2014-09-07 Thread Xfeep
 In addition one Java thread will tie up one native OS thread.
A
On Monday, September 8, 2014 10:50:13 AM UTC+8, Yuexiang Zhang wrote:

 Not only Wildfly but also most of mainstream pure java webservers use 
 thread pool to handle http requests. Nginx-Clojure can also be configurated 
 to use thread pool with one or many JVM instances. 
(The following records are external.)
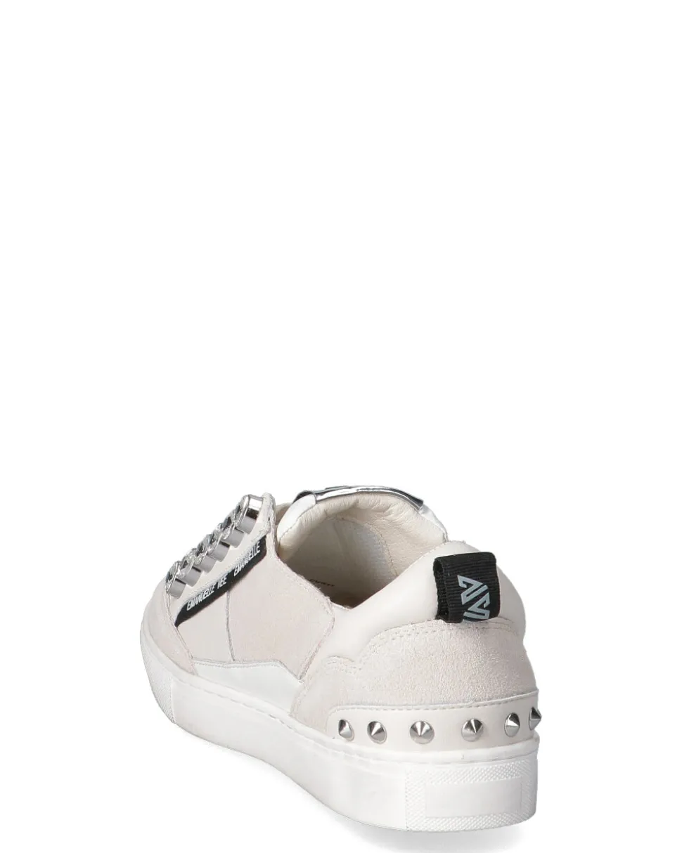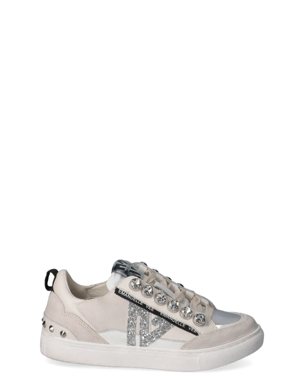 Sneaker allacciata multi materiale con dettaglio strass sull’allacciatura
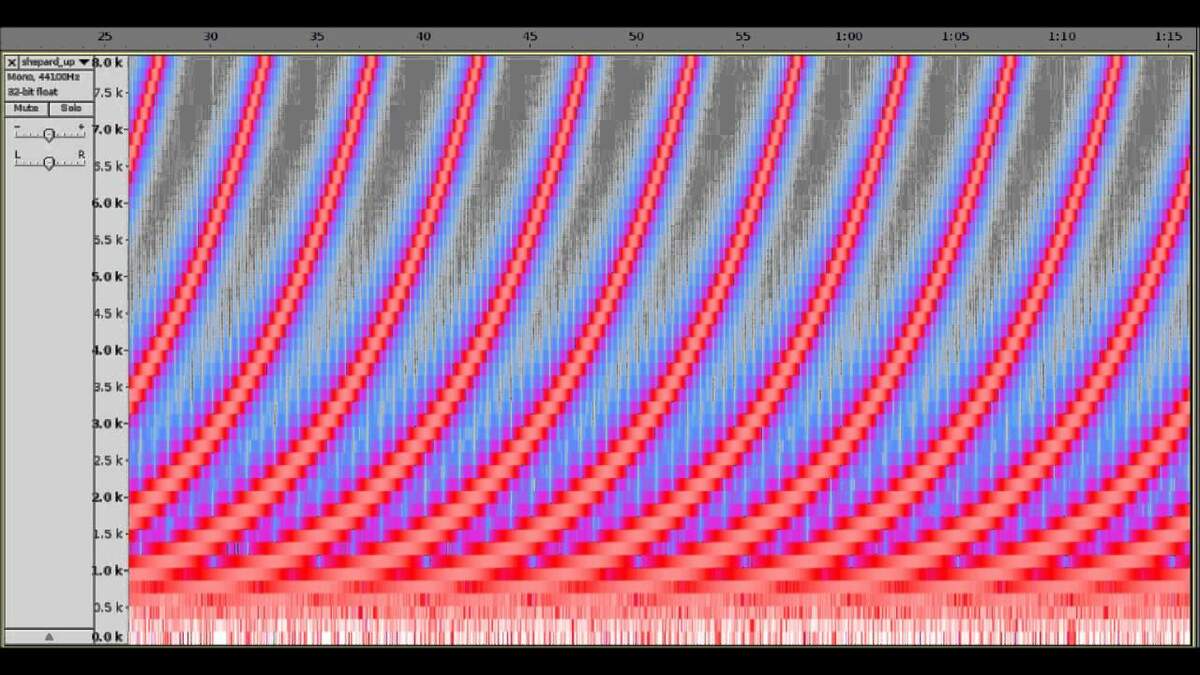 The tone is comprised of multiple scales in different musical voices, i.e. treble, mid-range and bass, separated by one octave a piece. The scales ascend or descend continuously and create the dizzying Shepard tone, which seems to swirl around infinitely with no tonal resolution.
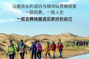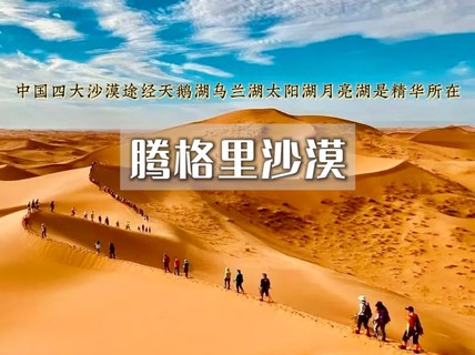 ▪ 大漠风光腾格里沙漠为中国式大沙漠之一,徒步过程中可见一望无边的大漠风光,沙漠湖泊或如中国地图或如月牙一般,甚是神奇。徒步过程中经过湖泊、小型水潭均可见美丽的马兰花、梭梭树、沙枣树等植被。
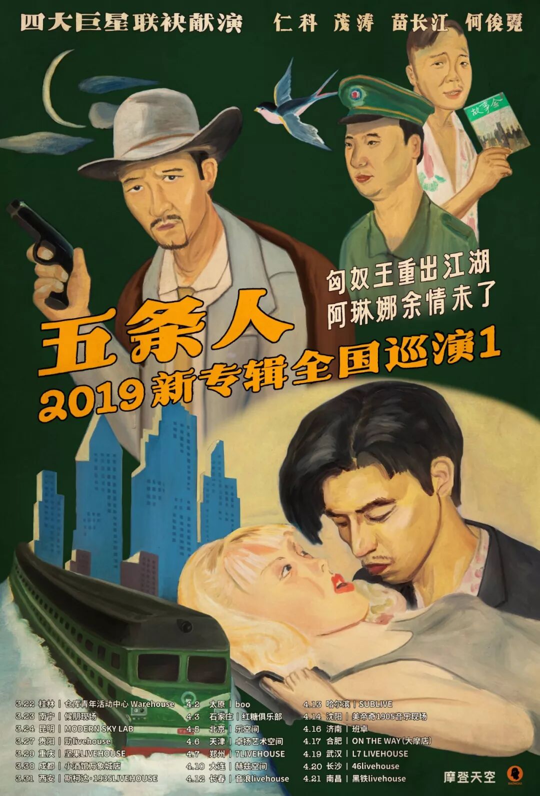 五条人乐队(以下简称五条人)的两位创建者之一,茂涛,这么解释2019新专辑全国巡演海报上,那句非常显眼的“匈奴王重出江湖,阿琳娜余情未了。”
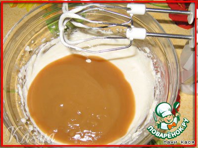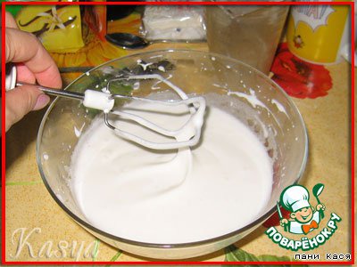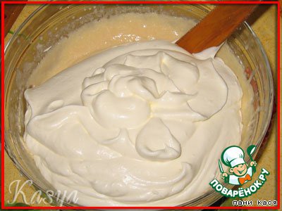 Белки взбиваем с сахаром (оставшиеся 2/3 от 200 г), но не до безе, а помягче, чтобы только-только форма начинала держаться
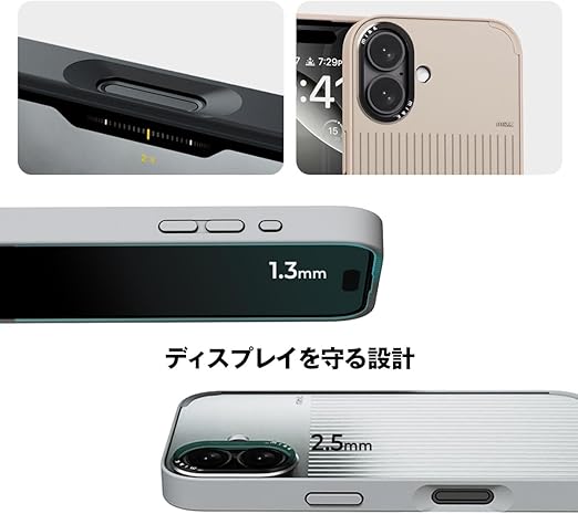 ポリカーボネート背面とTPUベゼルのハイブリッド素材で、高耐久、着脱もスムーズ。
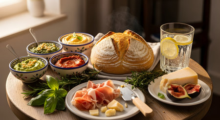 A delicious and rustic Mediterranean-style appetizer spread is beautifully arranged on a wooden table in a sunlit room. The feast includes a steaming loaf of artisan sourdough bread, bowls of pesto and other dips, sliced prosciutto, parmesan cheese, and fresh figs. This inviting scene represents sharing, hospitality, and wholesome, flavorful food.
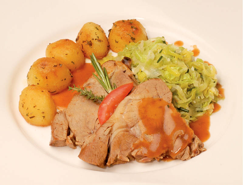 Braten von der Lammkeule mit Rosmarinkartoffeln und Lauch-Wirsing-Gemüse |
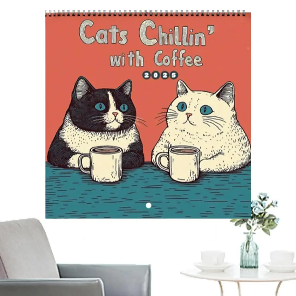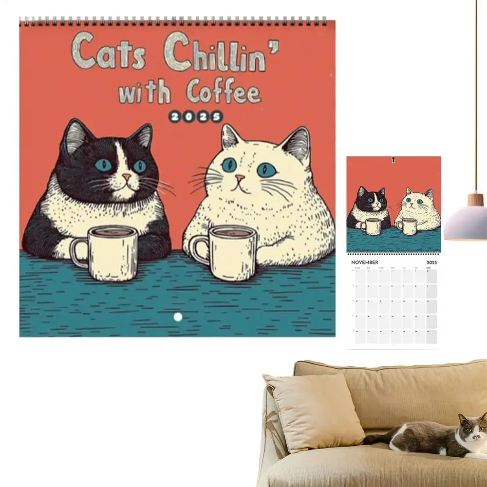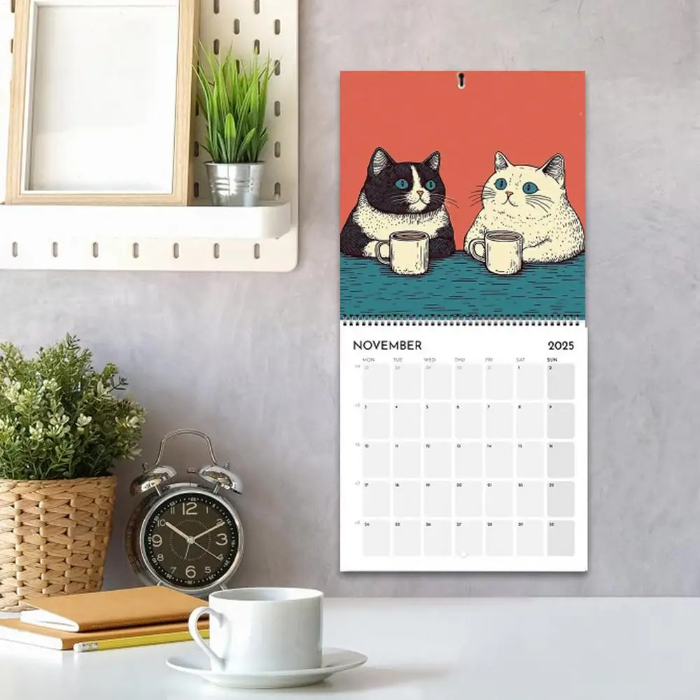 تقويم الحائط 2025 تقويم جداري شهري قابل للتعليق بتصميم قطة شهريًا ومنظم مخطط عائلي لمدة 12 شهرًا لغرفة النوم
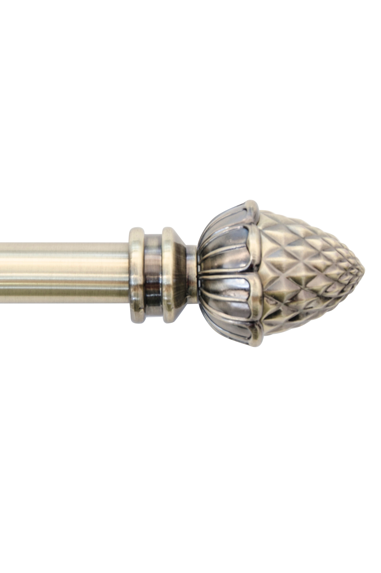 Komplet klassisk gardinstang i metal, 25/28 mm. Sættet indeholder justerbare stænger 130-240 cm, 2 endeknopper og 3 justerbare vægbeslag (9-14 cm). Knoppens længde 9 cm.
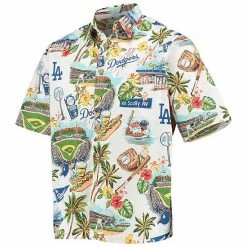 Add flair to your closet with this Los Angeles Dodgers Scenic button-up shirt from Reyn Spooner. The full-button front and chest pocket give off a classic look, but this top is anything but ordinary. Unique graphics commemorate the many great moments in Los Angeles Dodgers history, so old and new fans alike can fully embrace their fandom.
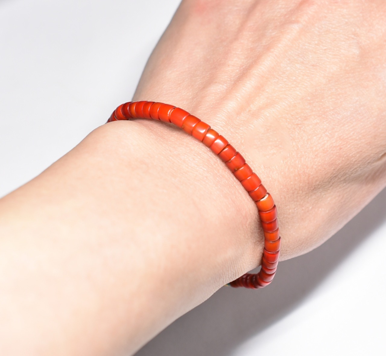 ロウ引き紐で繋いでいますので、最初はやや硬めですが、身に付けて行くうちにしなやかになります。
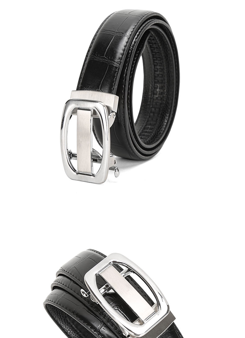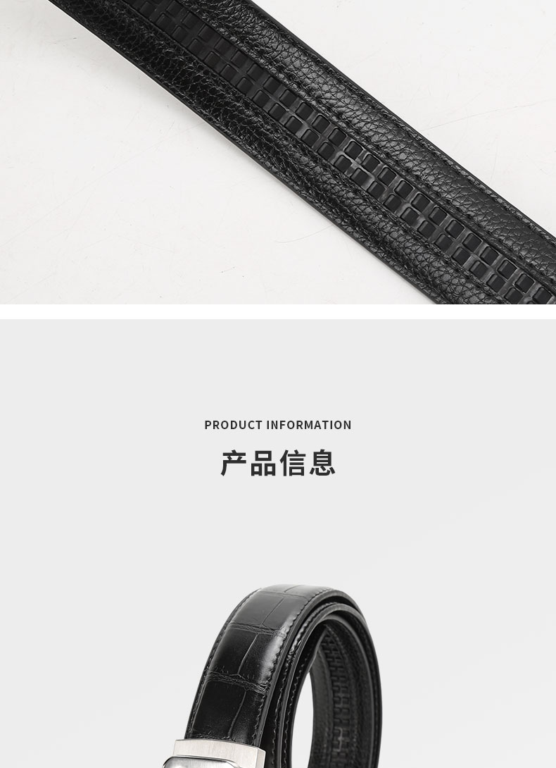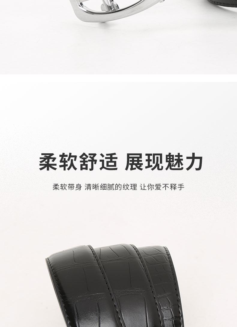 皮带采用耐磨PU革、不易断裂、压花工艺,防鳄鱼纹路,内部采用高强度防变形夹心,休闲时尚,搭配中间镂空椭圆扣头,高端大方
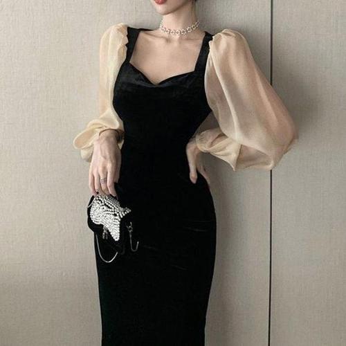 [옷자락] 여성 벨벳 레이어드 쉬폰 퍼프소매 슬림핏 롱 원피스
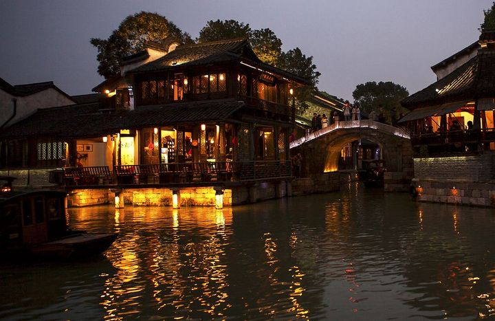 夜幕下的江南古镇
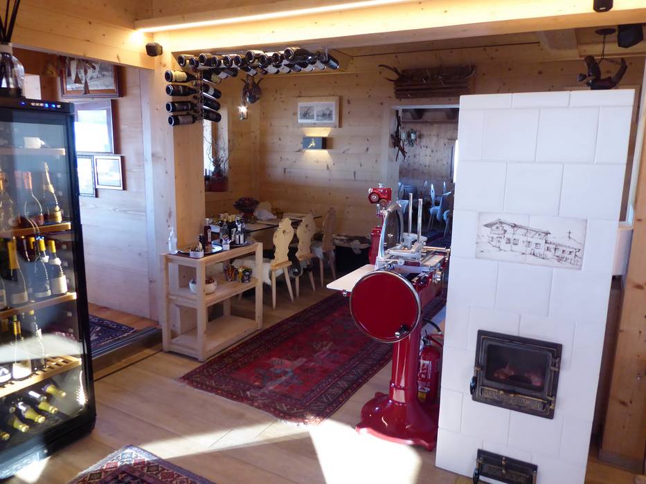 Am Start der Olympiapiste bietet die Hütte typische regionale Spezialitäten und eine große Sonnenterrasse. Der herrliche Blick auf die Dolomiten ist inklusive.
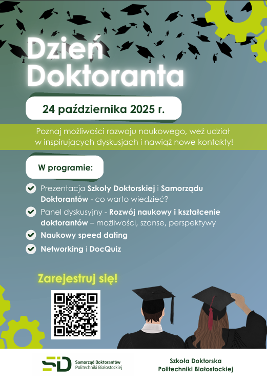 w imieniu Szkoły Doktorskiej Politechniki Białostockiej i Samorządu Doktorantów Politechniki Białostockiej i serdecznie zapraszam do uczestnictwa w Dniu Doktoranta, który odbędzie się w dn. 24.10.2025 r. (piątek) w Sali Rady Wydziału Mechanicznego w godz. 10:00 – 14:00.
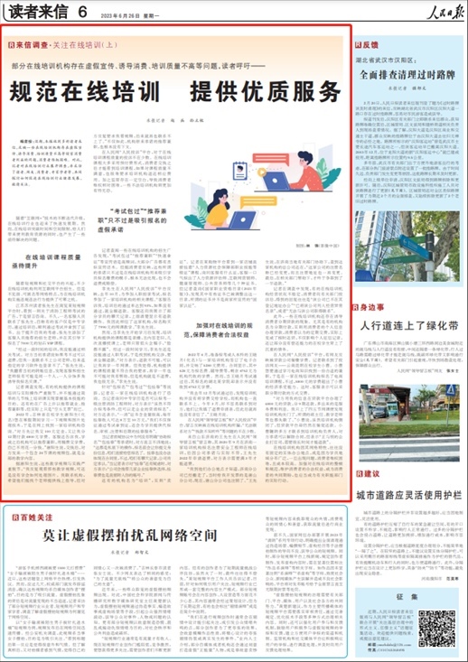 根據(jù)網(wǎng)友反饋的問題,6月26日,人民日報(bào)讀者來信版“來信調(diào)查”欄目刊發(fā)在線培訓(xùn)調(diào)查報(bào)道《規(guī)范在線培訓(xùn) 提供優(yōu)質(zhì)服務(wù)》,文中多處引用了人民網(wǎng)“人民投訴”平臺用戶相關(guān)案例和線索。
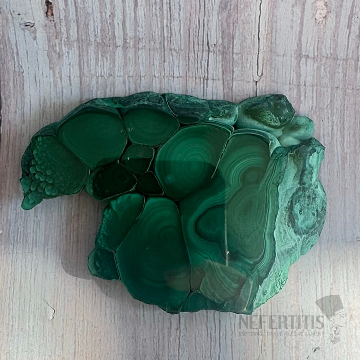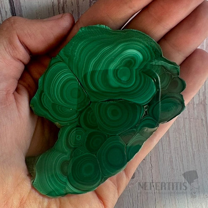Leštěný, ohlazený plátek malachitu s velice hezkou a výraznou kresbou, ohlazený z obou stran s jemným leskem. Kupujete přímo vyobrazený kus malachitu.
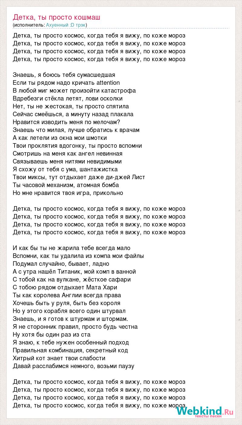 Детка, ты просто космос, когда тебя я вижу, по коже мороз Детка, ты просто космос, когда тебя я вижу, по коже мороз Детка, ты просто космос, когда тебя я вижу, по коже мороз Детка, ты просто космос, когда тебя я вижу, по коже мороз Знаешь, я боюсь тебя сумасшедшая Если ты рядом надо кричать attention В любой миг может произойти катастрофа Вдребезги стёкла летят, лови осколки Нет, ты не жестокая, ты просто спятила Сейчас смеёшься, а минуту назад плакала Нравится изводить меня по мелочам? Знаешь что милая, лучше обратись к врачам А как летели из окна мои шмотки Твои проклятия вдогонку, ты просто вспомни Смотришь на меня как ангел невинная Связываешь меня нитями невидимыми Я схожу от тебя с ума, шантажистка Твои миксы, тут отдыхает даже ди-джей Лист Ты часовой механизм, атомная бомба Но мне нравится твоя игра, прикольно Детка, ты просто космос, когда тебя я вижу, по коже мороз Детка, ты просто космос, когда тебя я вижу, по коже мороз Детка, ты просто космос, когда тебя я вижу, по коже мороз Детка, ты просто космос, когда тебя я вижу, по коже мороз И как бы ты не жарила тебе всегда мало Вспомни, как ты удалила из компа мои файлы Подумал случайно, бывает, ладно А с утра нашёл Титаник, мой комп в ванной С тобой как на вулкане, жёсткое сафари С тобою рядом отдыхает Мата Хари Ты как королева Англии всегда права Хочешь быть у руля, быть без короля Но у этого корабля всего один штурвал Знаешь, и я готов к штурмам и штормам. Я не сторонник правил, просто будь честна Ну хотя бы один раз из ста Я знаю, к тебе нужен особенный подход Правильная комбинация, секретный код Хитрый кот знает твои слабости Давай расслабимся немного, возьми паузу Детка, ты просто космос, когда тебя я вижу, по коже мороз Детка, ты просто космос, когда тебя я вижу, по коже мороз Детка, ты просто космос, когда тебя я вижу, по коже мороз Детка, ты просто космос, когда тебя я вижу, по коже мороз

 Advanced Java webservers use Java NIO (I/O multipexing) to do the first 
 phrase (Http request accepting and simple parsing)  then run user business 
 flow with thread pool. The first phrase only need one or very few threads. 
 But at the second phrase (using thread pool) largely existing Java Socket 
 API based libraries such as JDBC drivers, Http Client are  blocking so if 
 there are many connections they 'll eat up all threads and make the 
 webserver hang because a OS can only support less threads than connections. 
 By the way threads in JVM are not cheap and they use more memory than pure 
 native OS threads and OS threads are pre-emptive and scheduled at constant 
 time slice so if there are too many threads scheduling will cost too many 
 of cpu cycles to do real works.

 For large scalar application one JVM instance is really not enough. 
 Typical scenario is we use serveral Java webservers such as tomcat, jetty, 
 glassfish etc, and
 put a reverse proxy such as Nginx, Haproxy, Apache in the front of them. 
 And Nginx-Clojure make this work easier because it can automatic embed JVM 
 instances into Nginx worker processes and we need not maintain too many 
 webservers.

 Since JDK 5, JVM instances can share Class data to reduce memory usage and 
 the startup time for java applications. And on our  enviroment typically we 
 use coroutine based sockets to work with Apache http client , Solr client 
 ,etc. Coroutines are cooperative and cheaper than threads and be created as 
 much as our memory can bear.

 Xfeep

 On Mon, Sep 8, 2014 at 3:27 AM, gvim gvi...@gmail.com wrote:

 On 07/09/2014 17:51, Yuexiang Zhang wrote:


  From Nginx-Clojure the most attractive things to us is :

  1. Nginx's architecture is Master + Worker processes, Nginx-Clojure
 embed one JVM in per Worker process. So if any of worker process
 crashes, the other JVM instances can still work and the Master will
 recreate a new Worker process embedding with a new JVM instance.
  2. Nginx's perfect performance when handle even over 10 thousand
 connections
  3. Coroutine based socket let old Java Socket API based app/libraries
 won't lock a thread anymore
  4. IO (Coroutine based socket, Asynchronous socket  Channel) are on
 top of Nginx IO API which is more worldly-wise than Java NIO on huge
 scalar server application.
  5. JVMs are not goot at huge memory management. Configurable multiple
 JVM instances (is the same number of Nginx Worker processes) will
   manage less memory. e.g. we have ten Nginx Worker processes in one
 Nginx instance every JVM instance will only manage 1/10 memory
  6.   Nginx already has many modules / features such as rate limit ,
 spdy , pages cache, image filter etc. Most of them maybe are
 difficult or less effective to be implemented in pure Java world.

  
 I'm fairly new to Clojure/JVM but I was under the impression Java 
 webservers such as Wildfly (= JBoss) had a reputation for managing memory 
 efficiently by spawning threads, ie. only a single JVM instance required? 
 Your scenario with multiple JVMs/1 per worker sounds like a much bigger 
 memory footprint but, as I said, I'm new to Java.